Stored data entries –
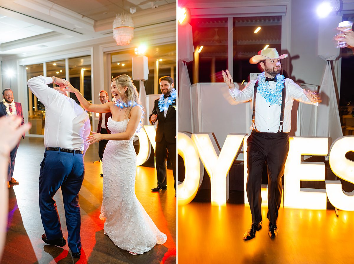 And the reception was such a great time! From heartfelt toasts to nonstop dancing, the energy never dipped. Guests celebrated hard, laughed loud, and soaked in every second of the night. The couple spent the entire evening together on the dance floor, mingling with guests, laughing, hugging, and fully present. It was one of those weddings where you could feel the joy in the room! This Pelican Club wedding was everything we love about weddings from their connection, celebration, and a whole lot of joy. Being able to document a day like this, filled with love and laughter, is the reason we do what we do! Here are some faves from Alexa and James’ Pelican Club wedding
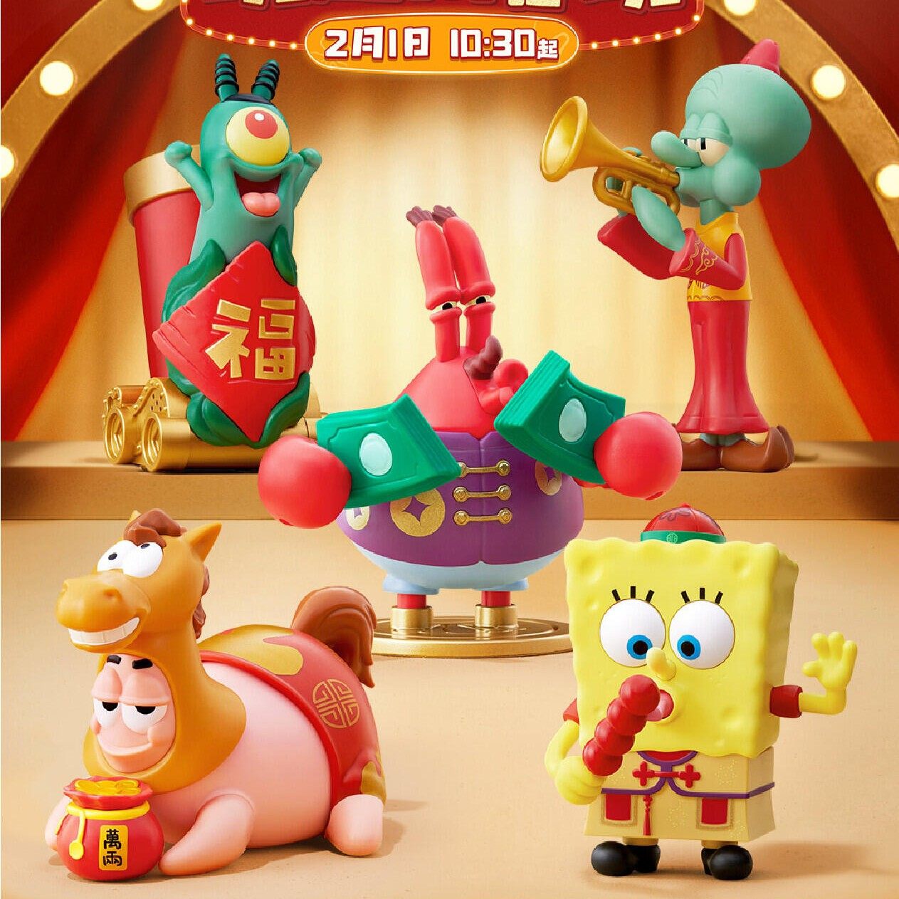 📚 2026年新春款肯德基海绵宝宝派大星玩具章鱼哥发财树蟹堡王发牌机
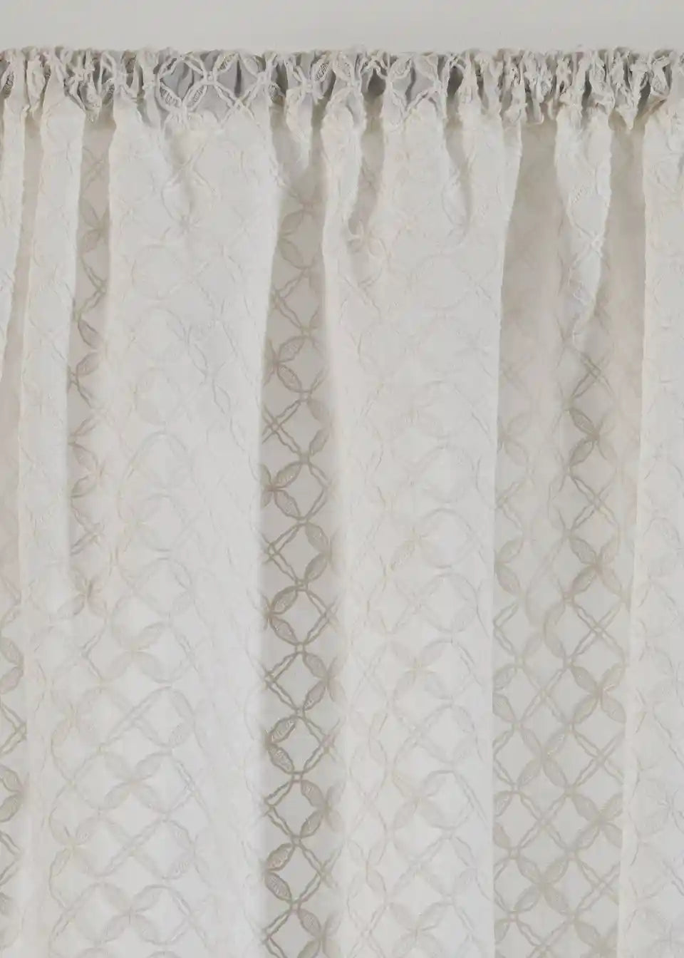 Razigrana zavjesa s prekrasnim detaljima poput veza i kukičanog ruba. Izrađena od visokokvalitetnog bio pamuka.
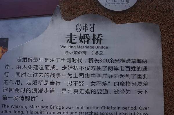 走婚橋位於瀘沽湖東南水域的草海區域,是瀘沽湖上唯一的座橋,連接兩座村莊,為情竇初開的摩梭族男女開啟一段浪漫的約會。橋下由於長年泥沙淤積,導致水深變淺,長有茂密的蘆葦,遠遠望去,像一片草的海洋,故當地人稱其為草海。
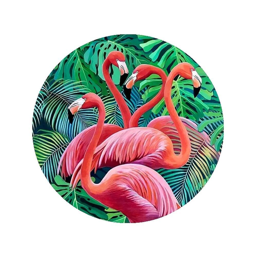 Gruby jadalny okrągły opłatek na tort z wafla z motywem Flamingów.
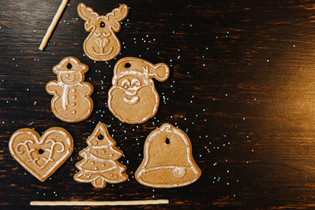 Homemade Christmas gingerbread cookies made as sweets and holiday table decorations
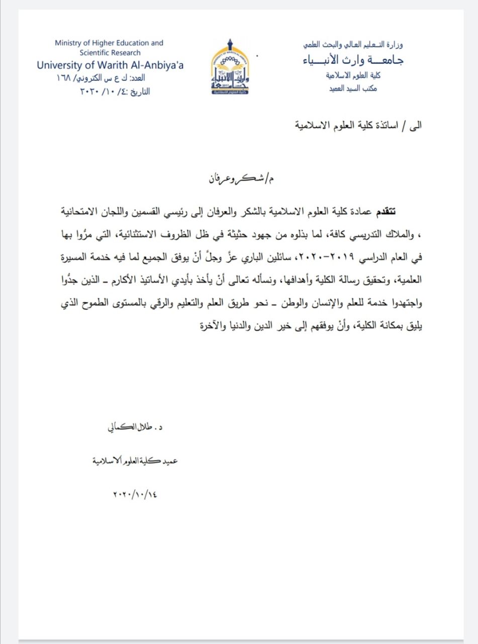قدم عميد كلية العلوم الإسلامية المحترم ( الدكتور طلال فائق الكمالي) شكر وعرفان للكادر التدريسي تقديرا لجهودهم في العام الدراسي 2019_2020
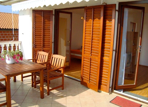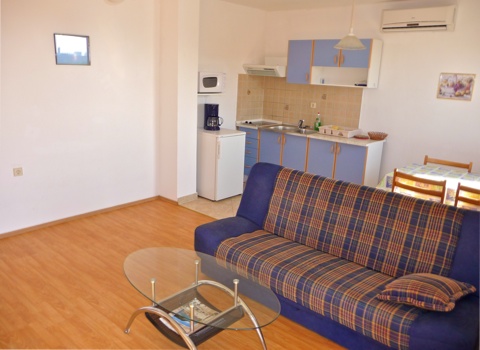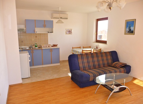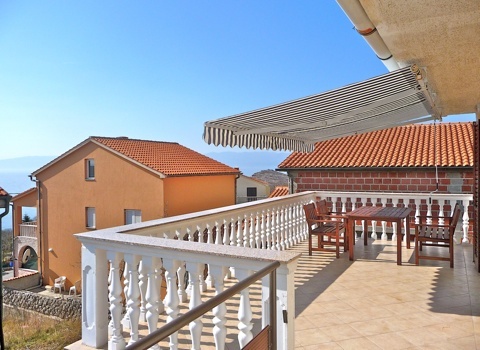 Das 3 Zimmer große Apartment befindet sich im 1. Stock des Hauses und ist ideal für 4-5 Personen. Der geräumige Südbalkon bietet eine herrliche Aussicht auf das offene Meer und lädt zum gemeinsamen Frühstücken und zu abendlichen Cocktails ein.
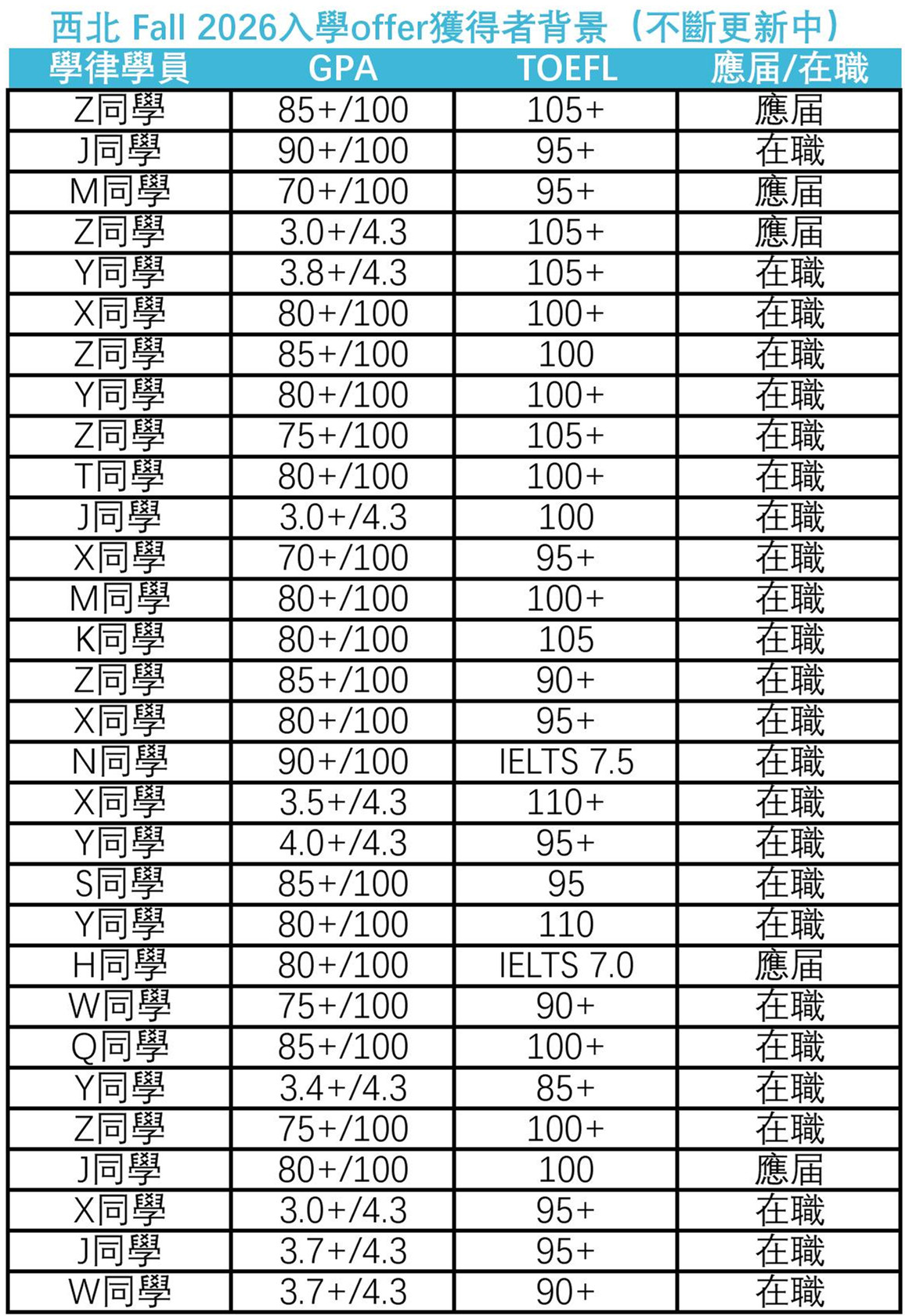 今天再度放榜後,學律申請者在當前申請季收到的西北LLM offer已累計達到30張,以下是錄取者的一些背景情況:
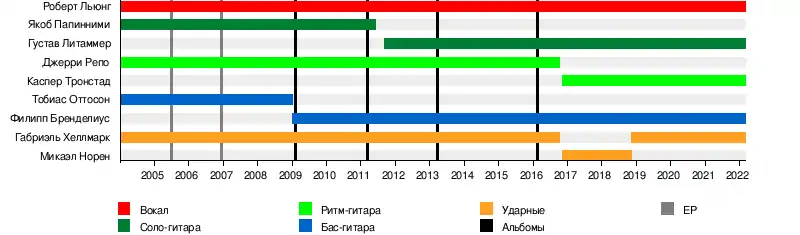 - Габриэль Хеллмарк — ударные (2004—2016, 2018—настоящее время)

What is required –
The expected output is an exact retyping of the lines from the line with "今天再度放榜後,學律申請者在" through the last line of the data, with both ends kept and the pictures dropped.

Task response –
 今天再度放榜後,學律申請者在當前申請季收到的西北LLM offer已累計達到30張,以下是錄取者的一些背景情況:
 - Габриэль Хеллмарк — ударные (2004—2016, 2018—настоящее время)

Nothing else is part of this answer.